Static testing of Rocketdyne engines had produced high-frequency combustion instability, in what was known as the “racetrack” effect where burning propellant would swirl around the injector head, eventually destroying it from shock waves. On the launches of Atlas 51D and 48D, the failures were caused by low-order rough combustion that ruptured the injector head and LOX dome, causing a thrust section fire that led to eventual complete loss of the missile. The exact reason for the back-to-back combustion instability failures on 51D and 48D was not determined with certainty, although several causes were proposed.
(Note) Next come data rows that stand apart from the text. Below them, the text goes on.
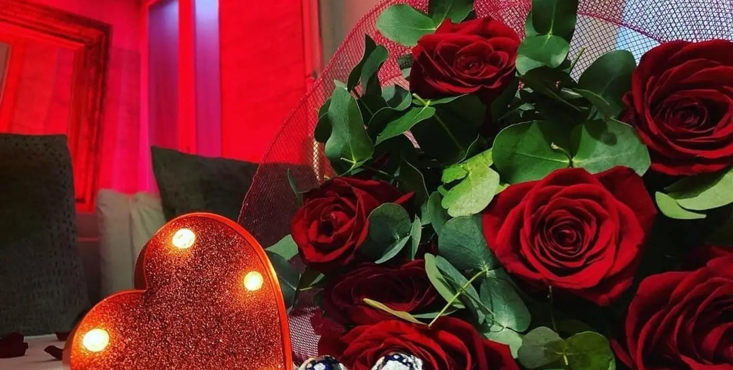 La stanza sarà un suggestivo nido d’amore con palloncini, luci cromatiche e candele accese. Troverete decorazioni di veri petali di rose e, a scelta, un bel bouquet di rose rosse o una deliziosa fonduta al cioccolato.
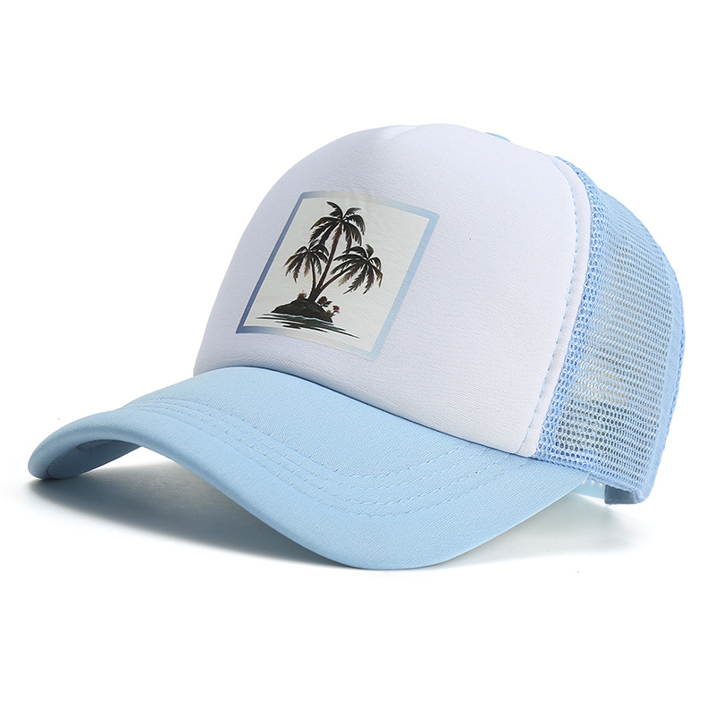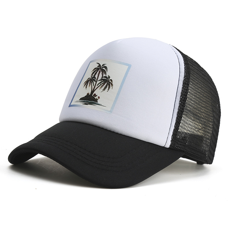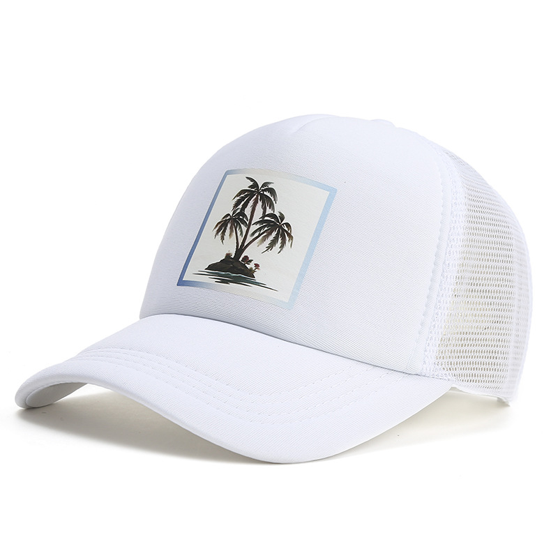 印花椰树鸭舌帽新款时尚休闲透气防晒帽子夏季户外遮阳棒球网帽
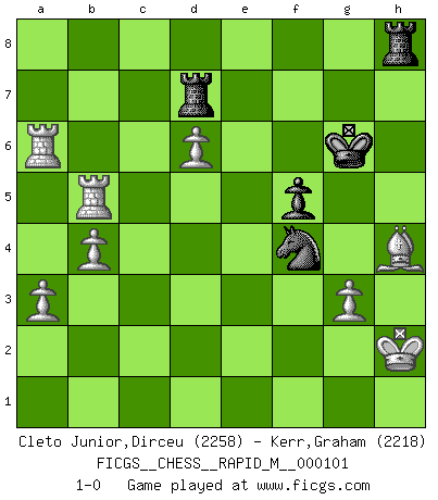 Last move : 1-0 2019 June 13 21:56:10 [Event "FICGS__CHESS__RAPID_M__000101"] [Site "FICGS"] [Date "2019.02.09"] [Round "1"] [White "Cleto Junior,Dirceu"] [Black "Kerr,Graham"] [Result "1-0"] [WhiteElo "2258"] [BlackElo "2218"] 1.e4 c5 2.d4 cxd4 3.c3 dxc3 4.Nxc3 Nc6 5.Nf3 e6 6.Bc4 a6 7.O-O b5 8.Bd3 Bb7 9.Bf4 Bb4 10.Qe2 Nge7 11.Rfd1 O-O 12.Bg3 h6 13.a3 Ba5 14.Rac1 Rc8 15.Bb1 Ng6 16.h4 f6 17.Ba2 Re8 18.h5 Nge5 19.Nh4 Bb6 20.Rd2 Na5 21.Rcd1 Bc6 22.Ng6 Nac4 23.Bxc4 Nxc4 24.Rd3 e5 25.Nh4 d5 26.Nxd5 Bd4 27.Nf5 Bxd5 28.Qg4 Rc7 29.exd5 Rd7 30.b3 Nd6 31.Nxd4 exd4 32.Rxd4 Qe7 33.Rc1 Red8 34.Qe6+ Qf7 35.Rc6 Ne8 36.Qxf7+ Kxf7 37.d6 Ra8 38.f3 g5 39.hxg6+ Kxg6 40.Rd5 Kf7 41.Kh2 Ke6 42.Rd1 h5 43.Kh3 Kf5 44.Rc5+ Kg6 45.f4 Ng7 46.R1d5 f5 47.Kh2 h4 48.Bxh4 Rh8 49.g3 Ne6 50.b4 Kg7 51.Rc6 Kg6 52.Rxa6 Nxf4 53.Rxb5 1-0 Sicilian : Smith-Morra gambit Kingside Castling by player White (move 7) Kingside Castling by player Black (move 11) Player White won this chess game. Follow this game move after move (download)By this measure (on the gap between Fischer & his contemporaries), I consider him the greatest world champion. (Garry Kasparov) Wer mein Gambit spielt, muß bereit sein, alle Brücken hinter sich abzubrechen. Es verändert den ganzen Menschen. Es wirkt wie ein Zauberstab und fördert verkümmerte, gute Charakter- eigenschaften wieder zu Tage. (Emil Joseph Diemer) El Ajedrez hace al hombre ser mas sabio y ver mas claro. (Vladimir Putin) En blitz, le Cavalier l'emporte sur le Fou. (Vlastimil Hort) Think like a man of action, act like a man of thought. (Henri Louis Bergson)
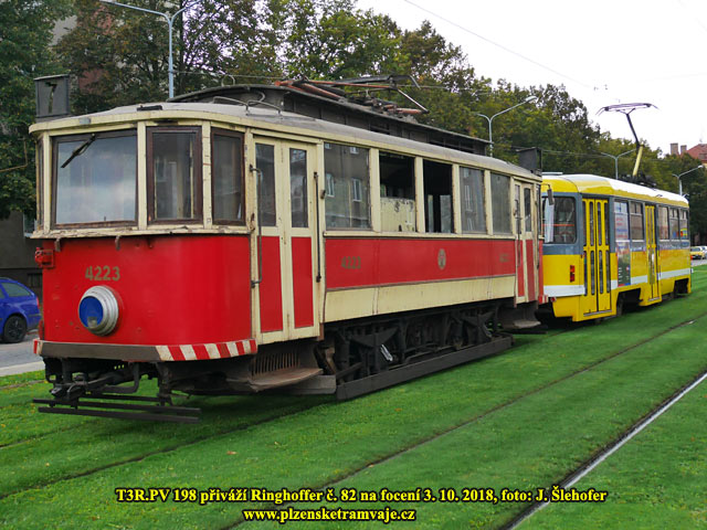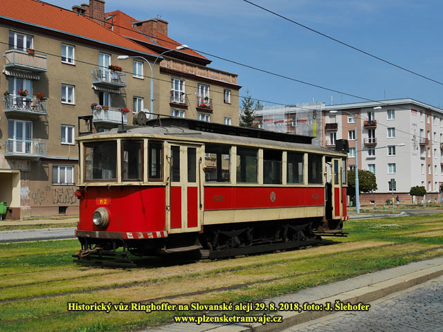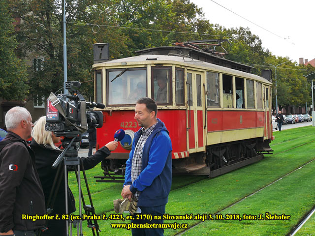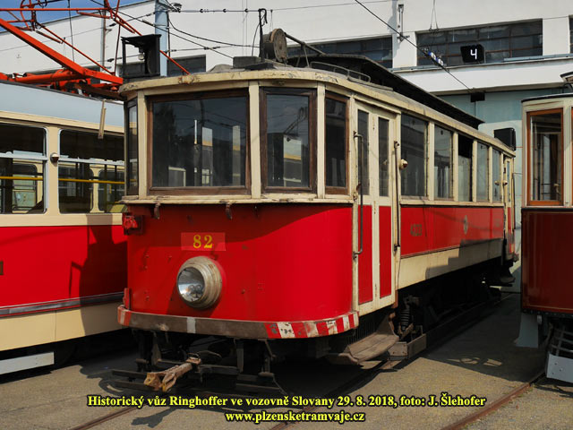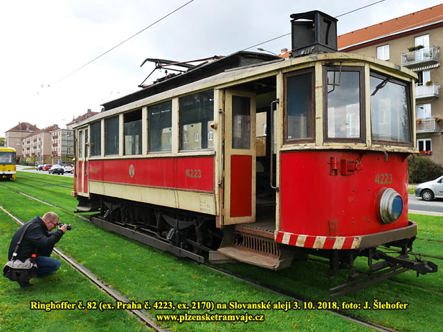 Vůz Ringhoffer 82 (Praha č. 4223) na Slovanské aleji 30. 8. 2018 Vůz Ringhoffer 82 (Praha č. 4223) ve vozovně Slovany 30. 8. 2018 Určitě však patří PMDP za nákup vozu velký dík. I já jsem si na webu často povzdechl o tom, že v Plzni chybí historický dvounápravový vůz, který by mohl při svých častějších jízdách nahradit vzácnou Křižíkovu osmnáctku.
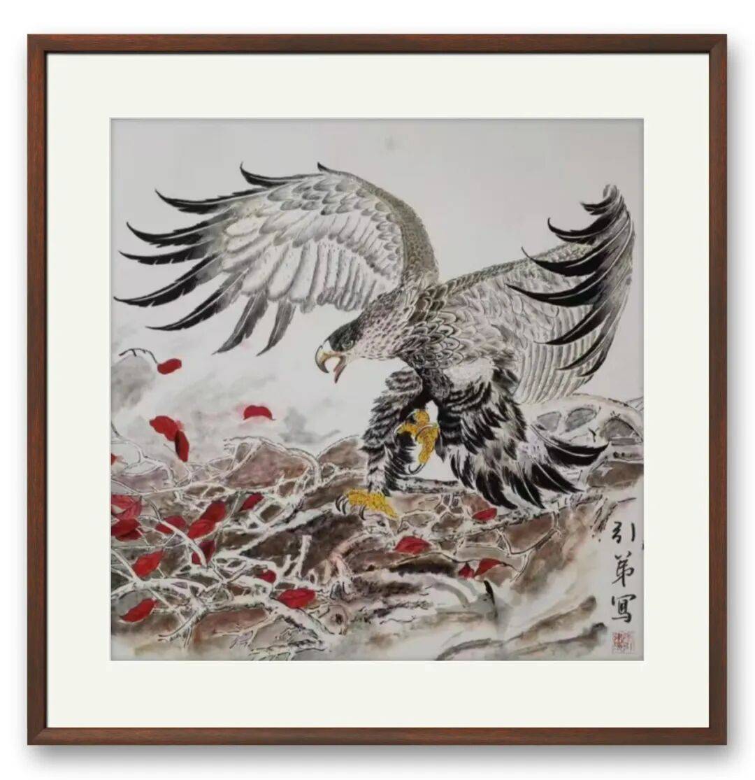 除牡丹之外,其花鸟创作亦独具匠心、个性鲜明。石榴颗粒饱满、晶莹欲滴,藏着丰收的喜悦与生活的热忱;葡萄如珠如玉、晶莹剔透,浓淡虚实间尽显节奏感与生命力;丹顶鹤仙风道骨、姿态清雅,承载着古人对高尚品德的期许,更寄托着她对高洁心性的坚守;而笔下之鹰,摒弃了常见的威猛霸气,独绘其孤傲坚守、坚韧抗争之态,与松石相融,如雕塑般挺拔,暗合“高处不胜寒”的人生哲思,赋予作品超越物象本身的深层内涵,于细微处见深意,于寻常中显格局。

This problem was resolved by installing baffles in the injector head to break up swirling propellant, at the expense of some performance as the baffles added additional weight reduced the number of injector holes that propellants were sprayed through. The lessons learned with the Atlas program later proved vital to the development of the much larger Saturn F-1 engine.

Electrical System

Added redundancy was made to the propulsion system electrical circuitry to ensure that SECO would occur on time and when commanded. The LOX fuel feed system received added wiring redundancy to ensure that the propellant valves would open in the proper sequence during engine start.

Tank Bulkhead

Mercury vehicles up to MA-6 had foam insulation in the intermediate bulkhead to prevent the super-chilled LOX from causing the RP-1 to freeze. During repairs to MA-6 prior to John Glenn’s flight, it was decided to remove the insulation for being unnecessary and an impediment during servicing of the boosters in the field. NASA sent out a memo to GD/A requesting that subsequent Mercury-Atlas vehicles not include bulkhead insulation.

LOX Turbopump

In early 1962, two static engine tests and one launch (Missile 11F) fell victim to LOX turbopump explosions caused by the impeller blades rubbing against the metal casing of the pump and creating a friction spark. This happened after over three years of Atlas flights without any turbopump issues and it was not clear why the rubbing occurred, but all episodes of this happened when the sustainer inlet valve was moving to the flight-ready “open” position and while running untested hardware modifications. A plastic liner was added to the LOX turbopump to prevent friction rubbing. In addition Atlas 113D, the booster used for Wally Schirra’s flight, was given a PFRT (Pre-Flight Readiness Test) to verify proper functionality of the propulsion system.

Pneumatic System

Mercury vehicles used a standard D-series Atlas pneumatic system, although studies were conducted over the cause of tank pressure fluctuation which was known to occur under certain payload conditions. These studies found that the helium regulator used on early D-series vehicles had a tendency to induce resonant vibration during launch, but several modifications to the pneumatic system had been made since then, including the use of a newer model regulator that did not produce this effect.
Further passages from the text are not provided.